De nouvelles données révèlent que les incendies ont provoqué une perte de forêts mondiale sans précédent en 2024, générant plus de quatre fois les émissions de tous les voyages aériens en 2023 — avec des conséquences dévastatrices pour les populations et le climat, selon l’analyse annuelle de Global Forest Watch.

WASHINGTON D.C. (21 mai 2025) — La perte de forêts dans le monde a atteint un niveau record en 2024, en raison d’une hausse catastrophique des incendies, selon les nouvelles données du laboratoire GLAD de l’Université du Maryland, publiées sur la plateforme Global Forest Watch de World Resources Institute (WRI). La perte de forêts tropicales primaires a atteint à elle seule 6,7 millions d'hectares, soit près du double de 2023, une superficie équivalente à celle du Panama, au rythme de 18 terrains de football par minute. 

Pour la première fois, les incendies — et non l’agriculture — ont été la principale cause de la disparities des forêts tropicales primaires, représentant près de 50 % de l’ensemble des pertes. Il s'agit d'un changement radical par rapport aux dernières années, où les incendies ne représentaient en moyenne que 20 %. Parallèlement, la perte de forêts tropicales primaires due à d'autres causes a également connu une hausse de 14 %, soit la plus forte augmentation depuis 2016.  

Malgré quelques avancées positives, notamment en Asie du Sud-Est, la tendance générale reste préoccupante. En 2021, les dirigeants de plus de 140 pays ont signé la Déclaration de Glasgow, s’engageant à arrêter et inverser la perte de forêts d’ici 2030. Cependant, nous avons pris un retard alarmant dans la réalisation de cet engagement : Sur les 20 pays qui possèdent la plus grande superficie de forêt primaire, 17 ont une perte de forêt primaire plus importante aujourd'hui qu'au moment de la signature de l'accord. 
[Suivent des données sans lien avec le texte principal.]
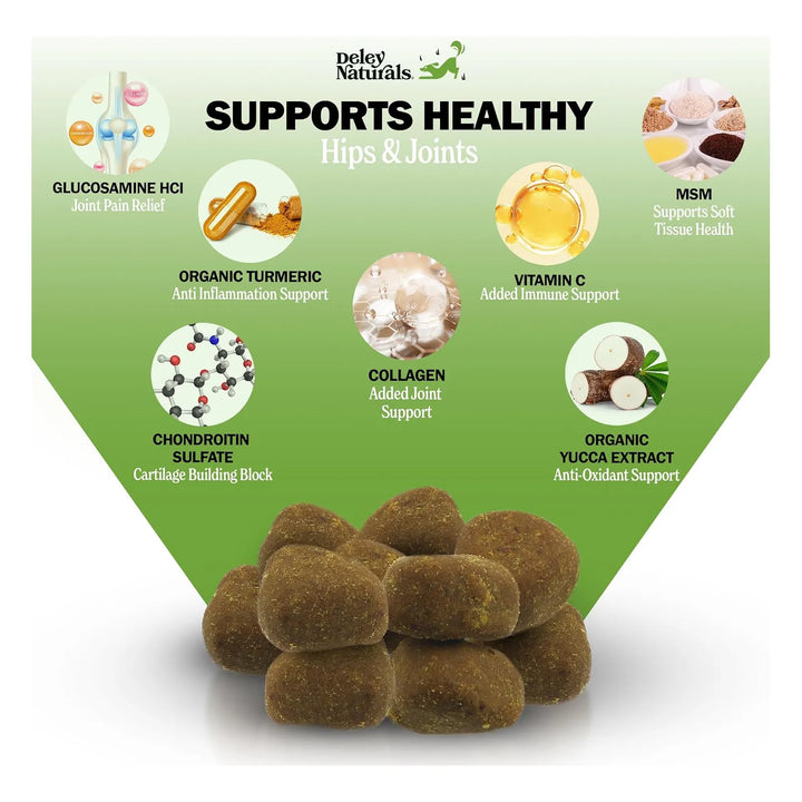Los ingredientes activos trabajan en sinergia: la glucosamina repara el cartílago dañado, la condroitina bloquea las enzimas que lo destruyen, y el MSM reduce la inflamación. La cúrcuma añade un efecto antioxidante para una recuperación más rápida. ¡Es como un equipo de superheroes para las articulaciones de tu perro!

Les conséquences de la perte de forêts en 2024 ont été dévastatrices, tant pour les populations que pour la planète. À l’échelle mondiale, les incendies ont émis 4,1 gigatonnes de gaz à effet de serre, soit plus de quatre fois les émissions générées par le transport aérien en 2023. Ces feux ont détérioré la qualité de l’air, mis sous pression les ressources en eau et menacé la vie et les moyens de subsistance de millions de personnes. 

Elizabeth Goldman, codirectrice de l'Observatoire mondial des forêts de WRI, a déclaré: "Le niveau de perte forestière que nous observons dépasse tout ce que nous avons enregistré en plus de 20 ans de données. C’est une alerte mondiale — un appel à l’action collectif pour chaque pays, chaque entreprise et chaque personne qui se soucie de la planète. Nos économies, nos communautés, notre santé — rien ne peut survivre sans les forêts." 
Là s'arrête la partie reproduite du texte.